Trump sitúa a Estados Unidos al borde de un régimen neofascista

La conmoción es, por supuesto, terrible. Estados Unidos, hasta hace poco ejemplo absoluto de la inquebrantable relación entre democracia y capitalismo, deriva a principios de 2025 hacia una nueva realidad. Las primeras medidas de la administración Trump revelan un golpe de Estado de facto destinado a invalidar la Constitución de Estados Unidos.
La irrupción de un régimen de carácter neofascista en la principal potencia militar y económica del mundo causa una conmoción natural y provoca un reflejo comprensible: el de intentar salvaguardar “el mundo de antes”, que, naturalmente, parece más clemente que el prometido por Donald Trump y Elon Musk. Allí están tratando pues de salvaguardar los marcos del Estado de derecho y aquí, en Europa, de salvaguardar ese mismo Estado de derecho de las garras de los aduladores y apoderados del nuevo régimen estadounidense.
Todo esto es, por supuesto, muy necesario y urgente. Pero este movimiento de resistencia no debe conformarse con una simple postura defensiva o nostálgica. No debe aspirar a la vuelta a una forma idealizada de statu quo ante. Para luchar contra el regreso de la hidra autoritaria de manera eficaz y duradera, hay que analizar las condiciones de su resurgimiento y proponer una alternativa democrática creíble, es decir, capaz de evitar que se repita lo peor.

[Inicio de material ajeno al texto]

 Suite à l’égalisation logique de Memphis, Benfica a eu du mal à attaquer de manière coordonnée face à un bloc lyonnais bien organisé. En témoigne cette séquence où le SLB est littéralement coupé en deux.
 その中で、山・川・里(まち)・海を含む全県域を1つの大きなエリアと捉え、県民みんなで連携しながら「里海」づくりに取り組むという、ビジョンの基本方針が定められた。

La referencia aquí debe ser el Resistencia que, durante la Segunda Guerra Mundial, mientras luchaba en todas partes contra los fascismos alemán, italiano y japonés, llevó a cabo una reflexión para construir un mundo liberado de las condiciones del surgimiento del fascismo. Y una vez derrotado, el combate continuó para construir una nueva sociedad.

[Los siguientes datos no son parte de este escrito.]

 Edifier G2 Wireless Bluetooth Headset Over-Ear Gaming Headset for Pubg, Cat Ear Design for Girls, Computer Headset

En Francia, el Consejo Nacional de la Resistencia (CNR) reconoció que la fuente del peligro fascista era el abandono de la población ante las crisis capitalistas. La lucha antifascista desembocó en la creación de un Estado social que modificó profundamente la sociedad.
Hoy en día nos cuesta darnos cuenta, pero la Francia posterior a 1945 rompió por completo con la de antes de la guerra, que tenía una de las redes de seguridad social más reducidas de Occidente. Este cambio fue el producto de una lucha contra las raíces del guerra y del fascismo, así como contra el fascismo mismo. Y este es el enfoque que debe guiar a quienes quieran enfrentarse contra el poder del capitalismo autoritario contemporáneo.
Las raíces económicas del trumpismo
Para lograrlo, hay que empezar por identificar las raíces del actual golpe de Estado. Se encuentran en los sectores rentistas de la economía estadounidense y, en primer lugar, en el de la tecnología.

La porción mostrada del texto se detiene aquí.